Studies show that volunteer work helps your health; Kentucky’s level of volunteerism depends on how you measure it

Most Kentucky adults are involved in some community activity, broadly defined, but the state ranks below average, 36th, in the latest state-by-state ranking of volunteerism.

“Volunteering can improve a community’s health and build connections between neighbors,” says the Foundation for a Healthy Kentucky. “To learn more about volunteering and civic participation in the commonwealth, the 2018 Kentucky Health Issues Poll asked Kentucky adults whether they engaged in a variety of civic activities in the prior year. Seven of these activities were related to political engagement and three were related to community participation.”

The poll found that 78 percent of Kentucky adults are involved in civic activities of some kind from volunteer work to talking about politics, and 68 percent are engaged in politics in some way, including an in-person discussion about politics and government. It found that 54 percent were active in their communities through volunteering at their church or other nonprofit group, working on a community project or donating blood.

“Getting involved can actually be a prescription for improving individual health as well as the health of our communities,” said Ben Chandler, president and CEO of the foundation. “It’s that ‘helper’s high’ that occurs when we’re contributing with no expectation of getting paid. Studies show this sense of purpose leads to lower mortality rates, reduced depression and better functionality.”

In the latest ratings by the Corporation for National and Volunteer Service, which use narrower definitions than the Kentucky poll, only 23.5 percent of Kentuckians were considered volunteers.
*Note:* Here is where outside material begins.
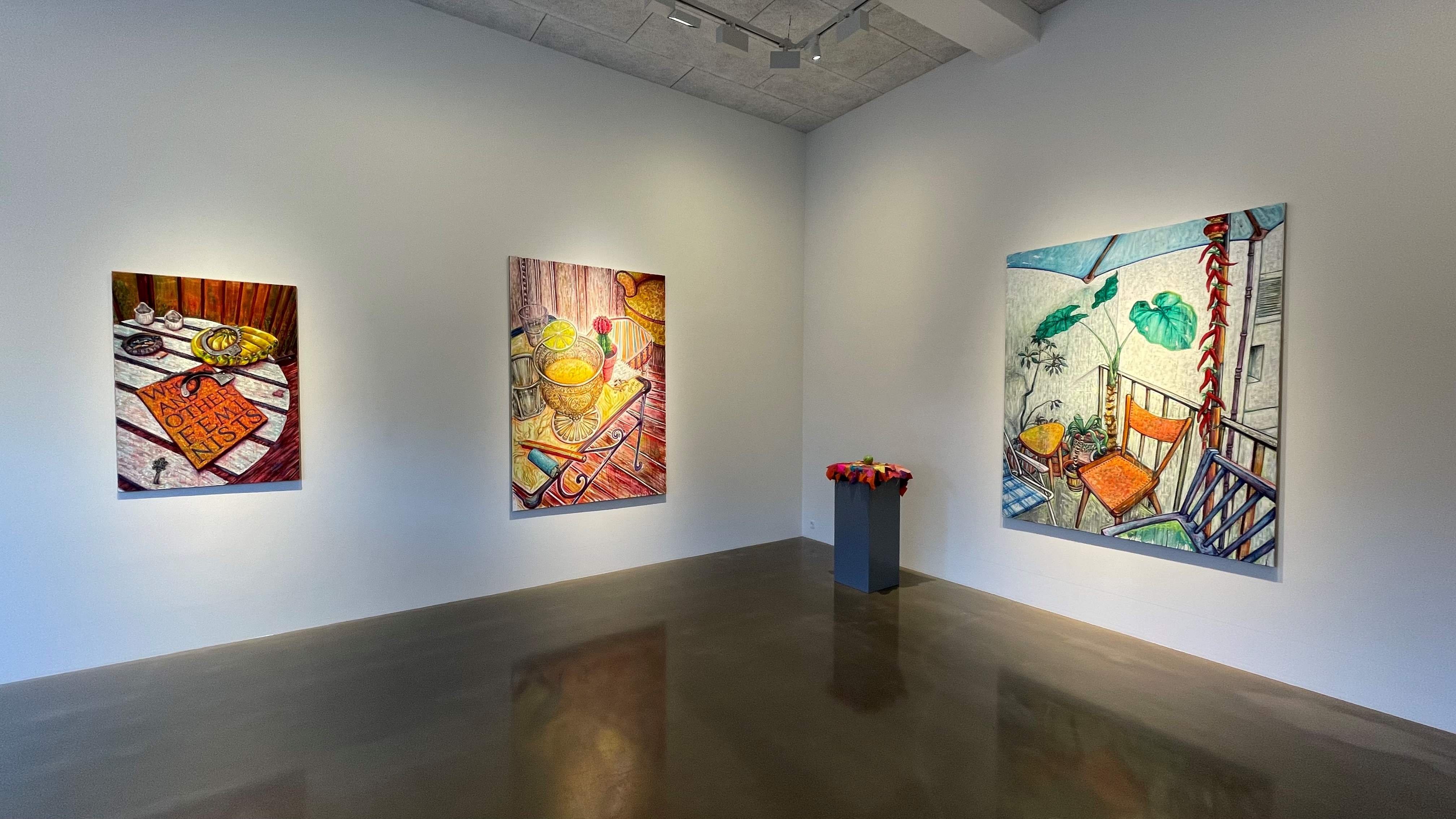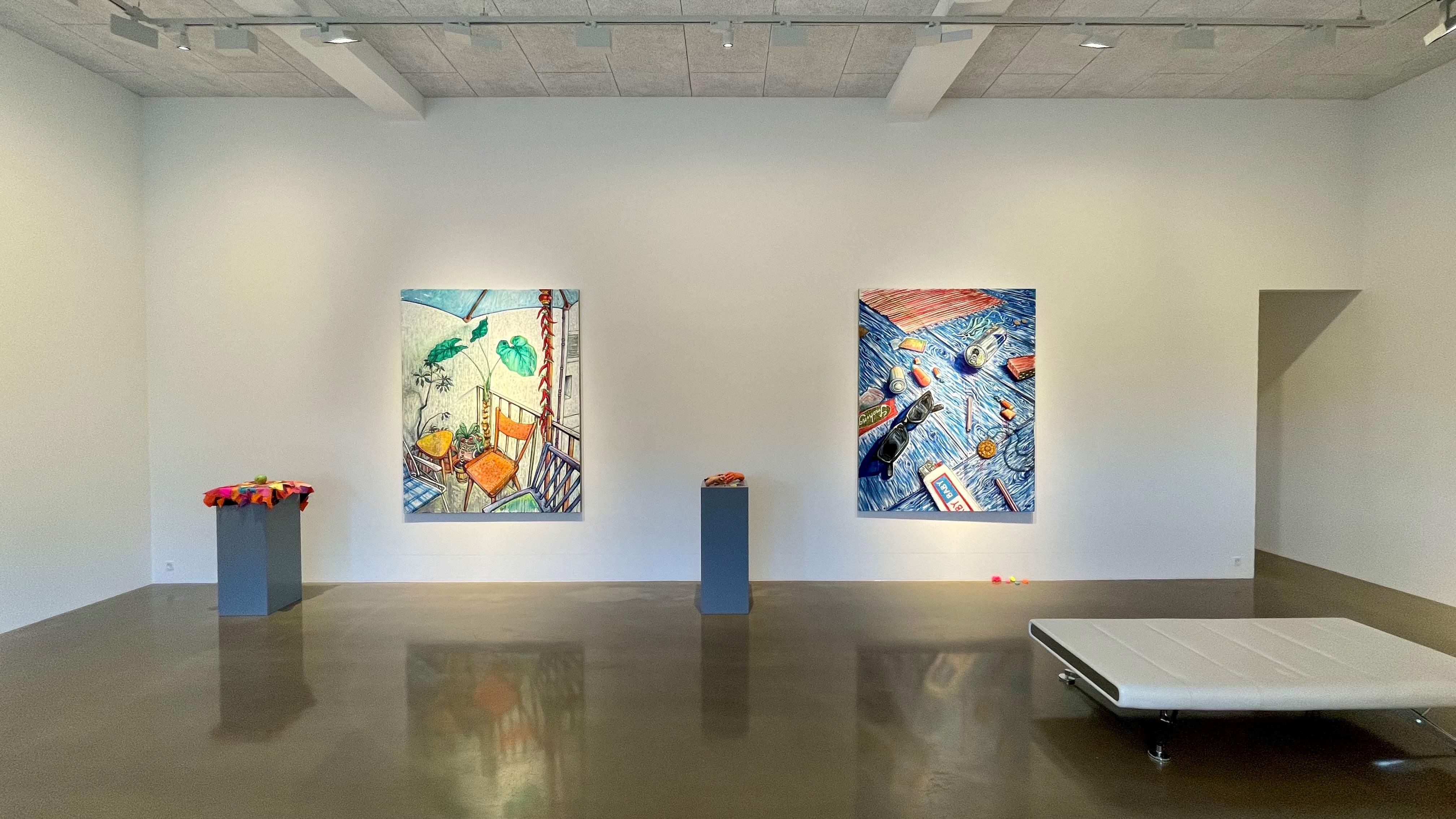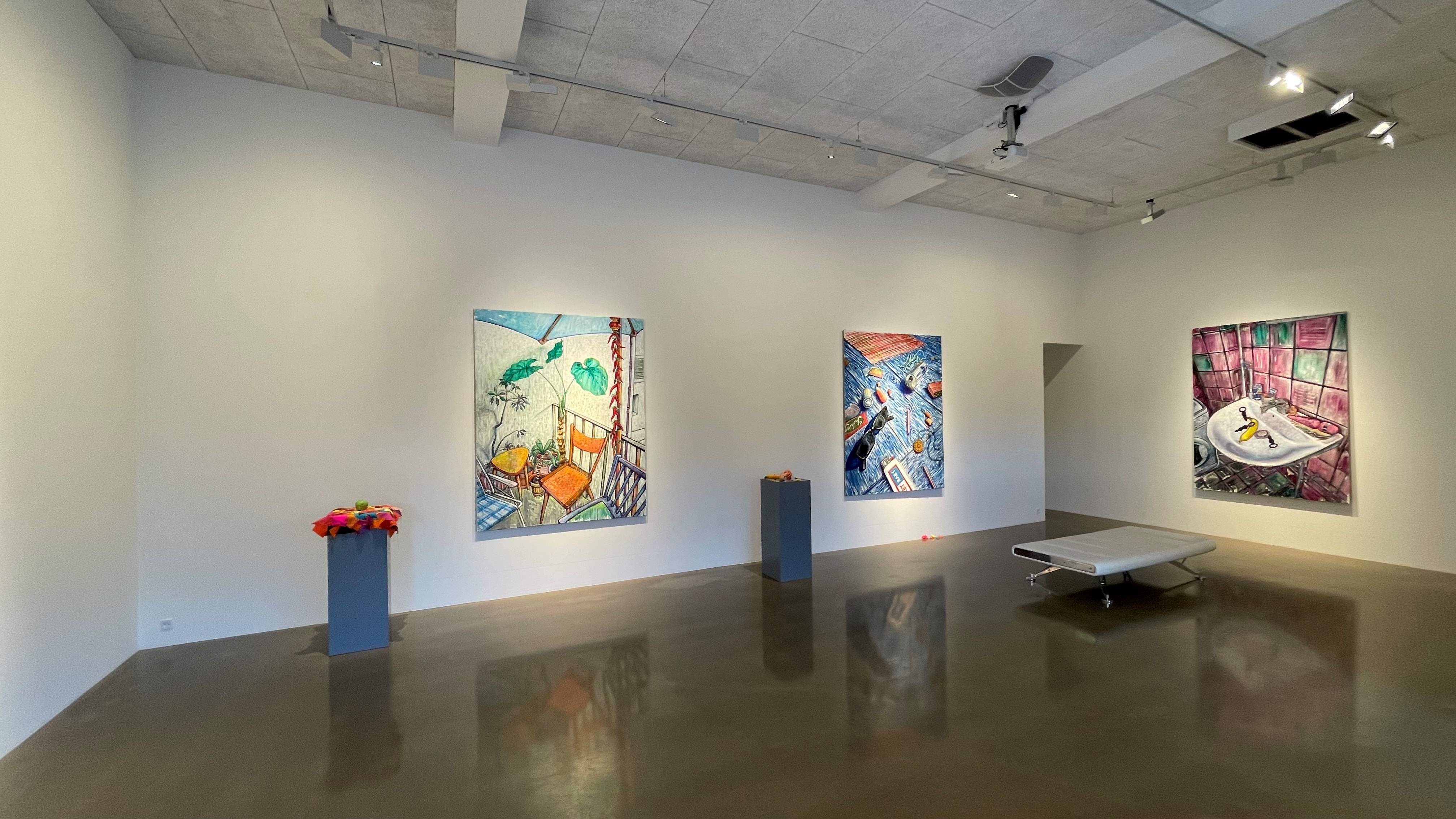 By sharing her most intimate and safe spaces Tine Nedbo points at the connection between the personal and the mutual. Despite the absence of human figures in the object portraits, the paintings tremble with an echo of human presence and influence. The spaces presented in the paintings open themselves towards the viewer and invite us to coinhabit these vulnerable spheres and their objects and to use this open invitation as a base for reflection and exchange.

The state’s volunteer rate has been declining since 2005, when it was above the national average.

In the Kentucky poll, engagement varied by education level. Adults with more education were more likely than adults with less education to participate in each of the activities. In the past year, 89 percent of college graduates participated in a political activity, but that was true of only 37 percent of adults who had not graduated high school. Three-fourths of college graduates participated in community activities, but only 31 percent of high-school dropouts did.

KHIP is an annual telephone poll of Kentucky adults about health and health-policy issues; it is funded jointly by the Foundation for a Healthy Kentucky and Interact for Health, a Cincinnati-area foundation.